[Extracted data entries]
....................

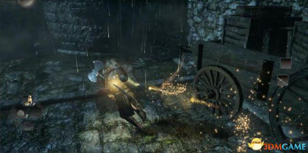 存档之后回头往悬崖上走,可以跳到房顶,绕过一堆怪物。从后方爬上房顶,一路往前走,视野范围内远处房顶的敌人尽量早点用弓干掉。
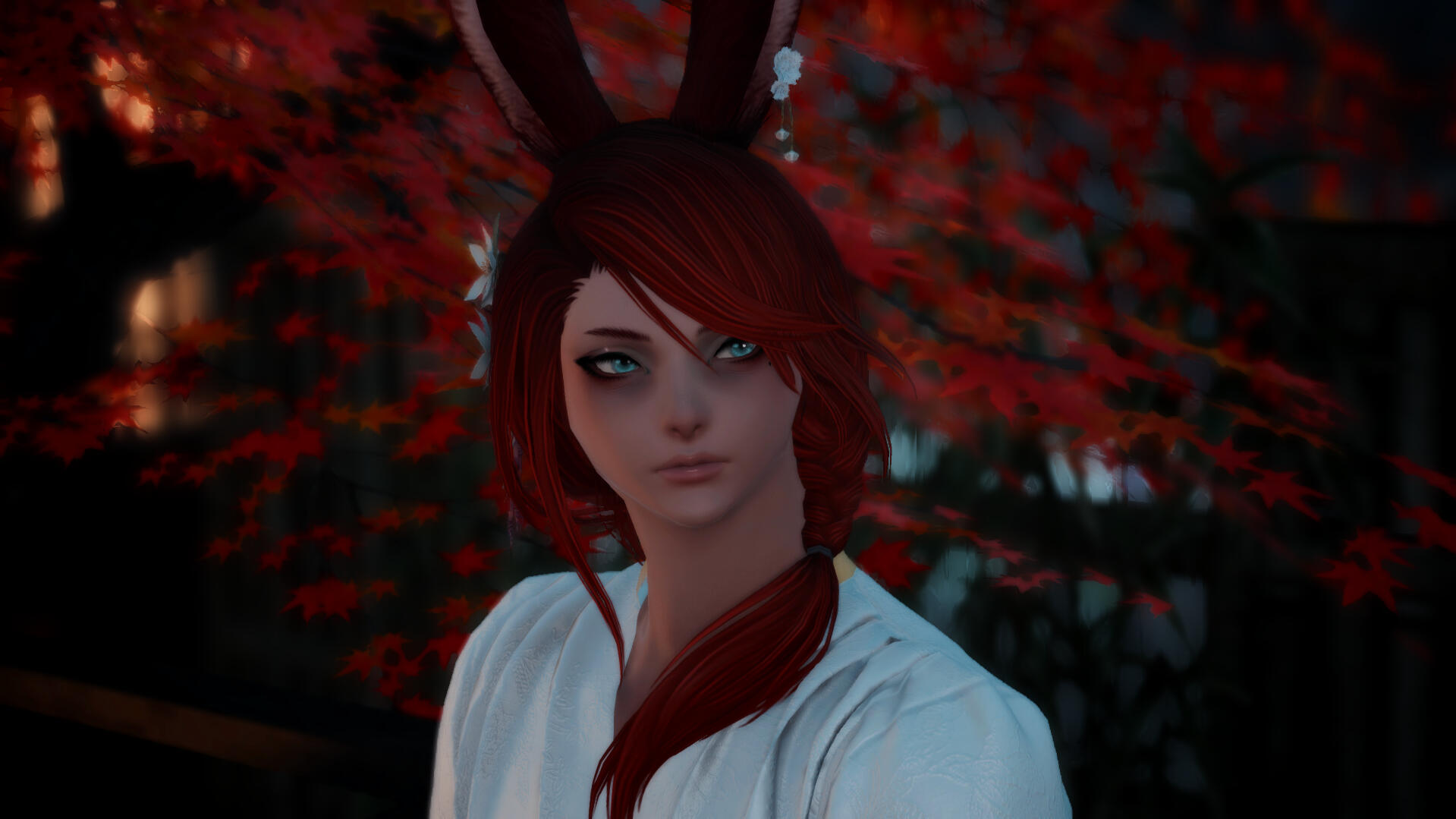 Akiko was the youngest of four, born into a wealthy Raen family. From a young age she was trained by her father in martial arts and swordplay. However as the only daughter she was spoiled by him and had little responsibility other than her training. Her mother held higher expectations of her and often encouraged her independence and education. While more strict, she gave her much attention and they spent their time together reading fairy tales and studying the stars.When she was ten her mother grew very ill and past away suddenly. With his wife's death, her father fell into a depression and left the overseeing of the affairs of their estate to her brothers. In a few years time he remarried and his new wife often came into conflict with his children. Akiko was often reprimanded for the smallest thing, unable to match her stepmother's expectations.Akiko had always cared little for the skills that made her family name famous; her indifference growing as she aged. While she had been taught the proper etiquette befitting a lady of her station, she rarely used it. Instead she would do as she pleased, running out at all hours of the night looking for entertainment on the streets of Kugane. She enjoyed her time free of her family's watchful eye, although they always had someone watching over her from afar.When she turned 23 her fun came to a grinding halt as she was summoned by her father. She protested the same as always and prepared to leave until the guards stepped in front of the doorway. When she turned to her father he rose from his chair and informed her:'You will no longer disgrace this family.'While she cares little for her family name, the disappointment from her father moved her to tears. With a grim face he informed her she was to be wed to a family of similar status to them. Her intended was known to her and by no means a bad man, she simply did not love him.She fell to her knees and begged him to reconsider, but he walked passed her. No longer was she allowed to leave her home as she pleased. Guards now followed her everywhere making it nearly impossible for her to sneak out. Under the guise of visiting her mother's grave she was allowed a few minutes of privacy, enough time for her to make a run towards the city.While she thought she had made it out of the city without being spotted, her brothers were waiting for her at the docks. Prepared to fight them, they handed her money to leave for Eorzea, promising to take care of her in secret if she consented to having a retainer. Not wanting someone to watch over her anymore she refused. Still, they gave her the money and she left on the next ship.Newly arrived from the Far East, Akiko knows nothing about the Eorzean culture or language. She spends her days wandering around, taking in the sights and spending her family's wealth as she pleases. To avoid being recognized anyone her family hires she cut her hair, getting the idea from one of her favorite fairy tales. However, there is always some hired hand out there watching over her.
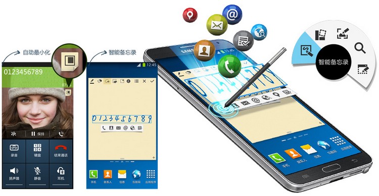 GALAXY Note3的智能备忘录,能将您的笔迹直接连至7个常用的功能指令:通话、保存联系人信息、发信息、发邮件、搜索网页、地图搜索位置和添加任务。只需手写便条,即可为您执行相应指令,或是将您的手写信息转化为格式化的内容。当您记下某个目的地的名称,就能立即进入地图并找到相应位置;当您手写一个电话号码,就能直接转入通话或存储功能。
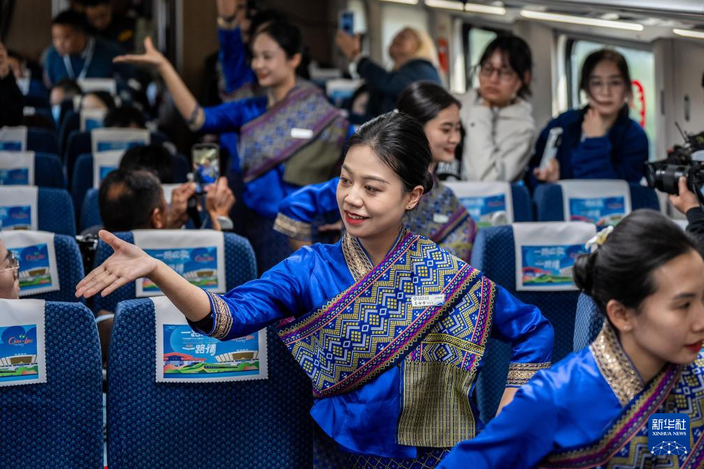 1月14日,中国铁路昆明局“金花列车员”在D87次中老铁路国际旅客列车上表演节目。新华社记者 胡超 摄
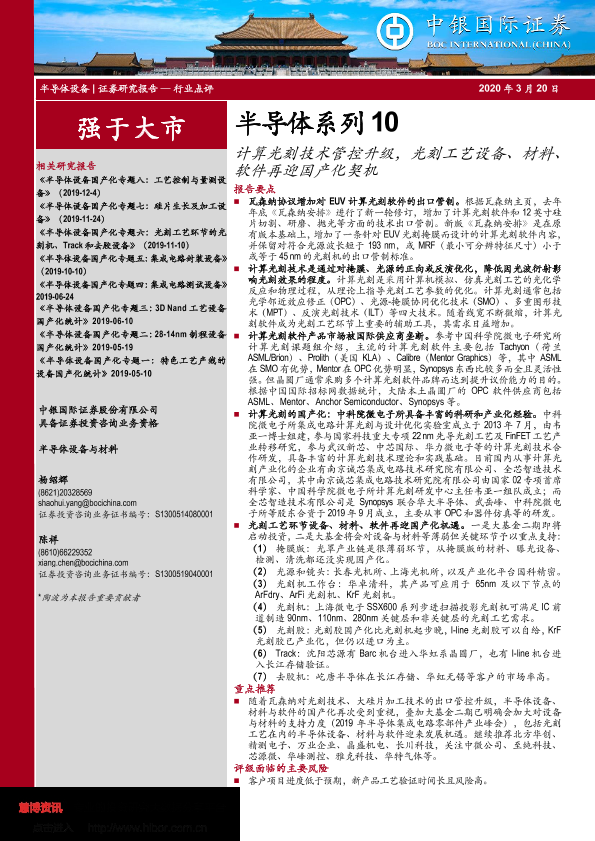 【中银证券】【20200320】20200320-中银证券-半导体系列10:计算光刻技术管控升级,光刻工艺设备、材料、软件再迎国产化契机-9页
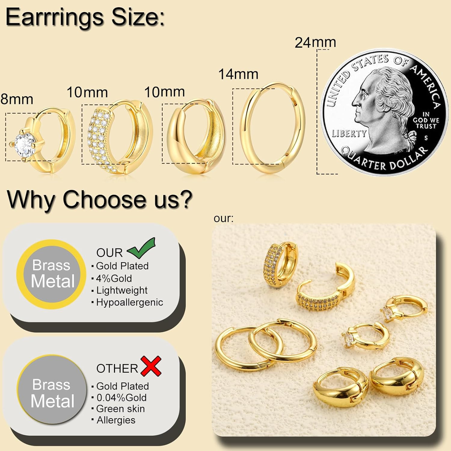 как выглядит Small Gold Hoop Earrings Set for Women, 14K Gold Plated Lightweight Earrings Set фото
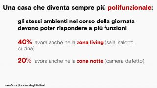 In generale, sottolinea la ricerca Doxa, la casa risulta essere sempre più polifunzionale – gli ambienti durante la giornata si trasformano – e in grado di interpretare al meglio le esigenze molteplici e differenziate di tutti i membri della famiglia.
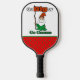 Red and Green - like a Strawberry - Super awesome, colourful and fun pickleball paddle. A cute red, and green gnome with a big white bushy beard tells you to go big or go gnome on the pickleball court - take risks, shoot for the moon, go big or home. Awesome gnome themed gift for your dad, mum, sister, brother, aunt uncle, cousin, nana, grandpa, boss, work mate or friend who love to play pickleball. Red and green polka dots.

....................

EXERCISE PROMPT:
Your task is to transcribe, exactly and without additions, every line from the one that contains "как выглядит Small" to the end of the entries above, both included. Omit all pictures.

TASK SOLUTION:
 как выглядит Small Gold Hoop Earrings Set for Women, 14K Gold Plated Lightweight Earrings Set фото
 In generale, sottolinea la ricerca Doxa, la casa risulta essere sempre più polifunzionale – gli ambienti durante la giornata si trasformano – e in grado di interpretare al meglio le esigenze molteplici e differenziate di tutti i membri della famiglia.
 Red and Green - like a Strawberry - Super awesome, colourful and fun pickleball paddle. A cute red, and green gnome with a big white bushy beard tells you to go big or go gnome on the pickleball court - take risks, shoot for the moon, go big or home. Awesome gnome themed gift for your dad, mum, sister, brother, aunt uncle, cousin, nana, grandpa, boss, work mate or friend who love to play pickleball. Red and green polka dots.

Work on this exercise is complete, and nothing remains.